In May and June 2007, Ramiro and his family came directly into my orbit. He and a member of my family knew one another, and through this tie I began to talk with him, his wife, Ruth, and their extended families in Oaxaca. They are all trying to draw continued attention to his case and those of Elionai, Juan Gabriel, and others and to receive recognition, restitution, and justice from the Mexican legal system. On July 31, 2007, Governor Ruiz dismissed an Amnesty International (2007a) report documenting “grave violations of human rights” between June 2006 and April 2007, describing it as “one-sided.” According to Amnesty International’s Secretary General Irene Khan (Amnesty International, 2007b),
The meeting with the state authorities was disappointing. . . . The governor and his colleagues refuse to recognize that serious human rights violations have taken place. One year down the road they appear not to have drawn any lessons from the prolonged crisis to improve the protection of human rights. Although they claimed to have opened investigations, they could not provide any tangible proof of progress in bringing to justice those responsible for criminal offences in the context of the protests or human rights violations.
Oral testimony from Ramiro, Elionai, Juan Gabriel, and many others was part of this report, and it was partly because of this testimony that Ramiro received political asylum in the United States in July 2009. If a political asylum case can hold up and receive a positive decision by the U.S. Department of Justice and the U.S. Department of Homeland Security, it should certainly receive similar treatment by the Mexican justice system. So far there has been no investigation of the people who abducted and tortured Ramiro and his companions and no compensation for the emotional and physical damage they suffered or for the time they spent in prison on false charges. While free in the United States, Ramiro is still waiting for justice in Mexico.

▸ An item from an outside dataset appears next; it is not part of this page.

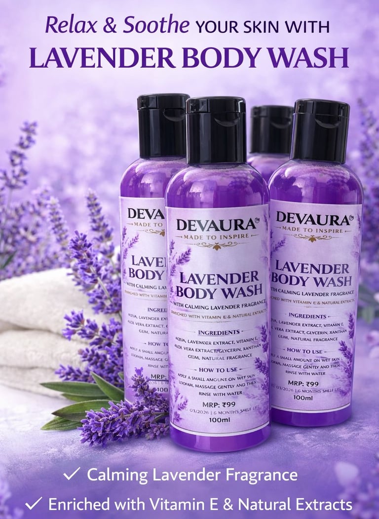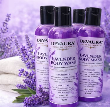 We believe that everyday luxury should be within reach. Proudly "Made in India," the Devaura Lavender Body Wash comes in a convenient, travel-friendly 100ml bottle. At a highly accessible MRP of just ₹99, it delivers a premium, high-quality cleansing experience without the premium price tag. Furthermore, with a specialized six-month shelf life, you are guaranteed a product that relies on the fresh potency of its natural ingredients.

In the absence of a functioning justice system, human rights are documented and defended through grassroots organizations. In the case discussed here, testimony disseminated on the radio, on television, on the streets of Oaxaca, and through organizations such as the LIMEDDH and Amnesty International was critical in granting it legitimacy and truth value. While transformation of Oaxaca’s justice system does not seem possible at the moment, the political and cultural space that opened for six months in Oaxaca in 2006 created a deep synergy between rights discourses that had been circulating for almost two decades among a limited public and the majority’s longstanding tradition of testimony. The verdict is still out on the outcome of the Oaxaca social movement of 2006, but what we can already clearly see is the resonance of rights discourses with a cultural form that empowers those who have been silenced and makes what they have to say understandable to others who are hearing their voices for the first time.